DESCRIPTION (provided by applicant): This is an application to collect a large cohort of 2,500 bipolar disorder (BP) patients from a relatively homogeneous population in The Netherlands. These patients are extensively phenotyped including a life-chart for longitudinal assessment of bipolar illness; for a selective group activity measures and brain imaging data (MRI) will be obtained. In addition to collecting blood for DNA and RNA extraction, all subjects will be consented for participation in the NIMH Human Genetics Initiative for generation of lymphoblastoid cell lines that are made available to the scientific community. We will also collect DNA of available parents and siblings of BP probands for follow-up genetic studies. Since the identification of genetic susceptibility genes for neuropsychiatric traits requires very large sample sizes, a Dutch national register of BP patients is being proposed with n>8,000 additional BP patients as a resource for phenotype information and infrastructure to collect biomaterials of even larger numbers. This application complements the ongoing NIMH-funded schizophrenia genome-wide association study (GWAS) in the same population, a collaborative effort of the same research groups at UCLA and UMC Utrecht (The Netherlands). The use of the same group of clinicians as well as the same genetically homogeneous population for the study of bipolar disorder and schizophrenia provides a unique opportunity to perform comparative analyses of both phenotypes, which will in turn facilitate the identification of overlapping as well as distinctive candidate genetic susceptibility factors. GWAS will be performed using collected probands and already available Dutch controls (n>10,000). Analysis of gene expression profiling data will compliment the genetic analyses. This study will fully integrate with the internal efforts of meta-analyses of neuropsychiatric traits and genomic data will be made available to the scientific community. PUBLIC HEALTH RELEVANCE: This application is to study the genetic basis of bipolar disorder in a large group of patients from a relatively homogeneous European population. The same population is already being used for a similar schizophrenia study. Since these diseases are known to be related and yet have different characteristics, our study provides a unique opportunity to systematically study differences and overlapping features of these neuropsychiatric disorders.
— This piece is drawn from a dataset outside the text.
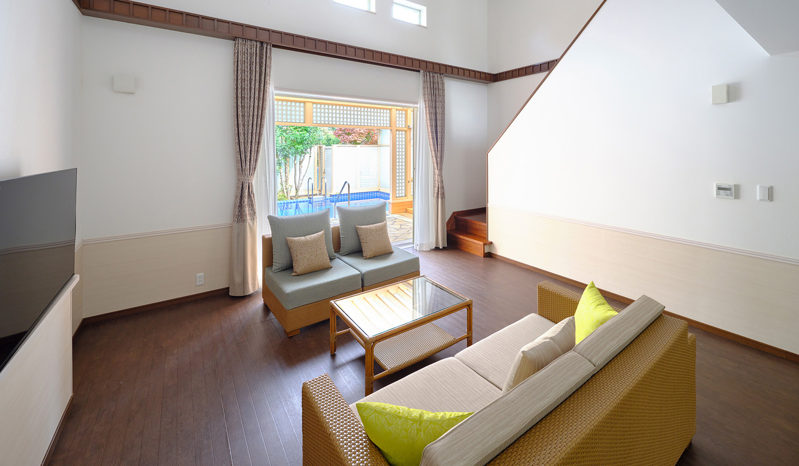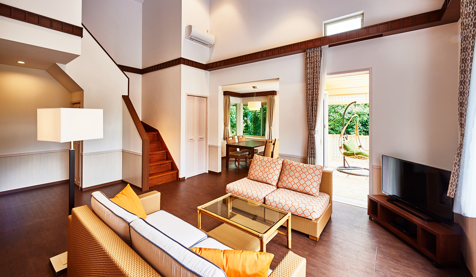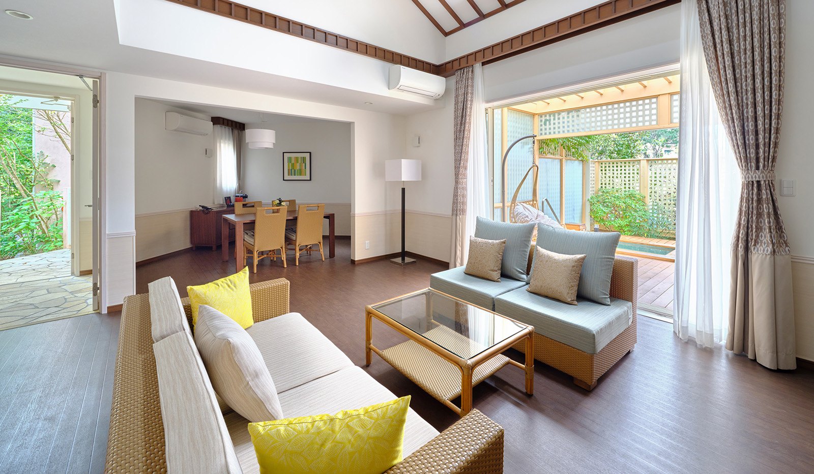 83㎡ある客室はメゾネットタイプ。1階はリビングとダイニング、2階には2つのベッドルームがあります。4名様までご宿泊可能で、お子様連れのご家族やご友人同士の集まりなどにも最適です。テラスデッキには贅沢なプライベートプールとジェットバスを設えており、リゾート気分を満喫頂けます。
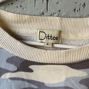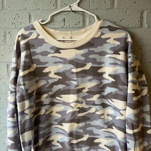 Dittos Sweatshirt Womens Soft Comfy Large Blue Beige Camo Pullover Camouflage

描述（由申请人提供）：这是一个从荷兰相对同质的人群中收集 2,500 名双相情感障碍 (BP) 患者的大型队列的应用程序。这些患者进行了广泛的表型分析，包括用于双向情感障碍纵向评估的生命图；将获得选择性团体活动测量和脑成像数据（MRI）。除了采集血液进行 DNA 和 RNA 提取外，所有受试者都将同意参与 NIMH 人类遗传学计划，以生成可供科学界使用的类淋巴母细胞系。我们还将收集 BP 先证者现有父母和兄弟姐妹的 DNA，用于后续遗传学研究。由于识别神经精神性状的遗传易感基因需要非常大的样本量，因此建议荷兰国家 BP 患者登记册中包含超过 8,000 名额外的 BP 患者，作为表型信息和基础设施的资源，以收集更多数量的生物材料。该应用程序补充了 NIMH 资助的同一人群中正在进行的精神分裂症全基因组关联研究 (GWAS)，该研究是加州大学洛杉矶分校和 UMC Utrecht（荷兰）的同一研究小组的合作成果。使用同一组临床医生以及相同的遗传同质人群来研究双相情感障碍和精神分裂症，为对两种表型进行比较分析提供了独特的机会，这反过来将有助于识别重叠和独特的候选者遗传易感因素。 GWAS 将使用收集的先证者和已有的荷兰对照（n>10,000）进行。基因表达谱数据的分析将补充遗传分析。这项研究将与神经精神特征荟萃分析的内部工作完全结合，基因组数据将提供给科学界。 公共卫生相关性：本申请旨在研究来自相对同质的欧洲人群的一大群患者的双相情感障碍的遗传基础。相同的人群已经被用于类似的精神分裂症研究。由于已知这些疾病是相关的，但具有不同的特征，我们的研究提供了一个独特的机会来系统地研究这些神经精神疾病的差异和重叠特征。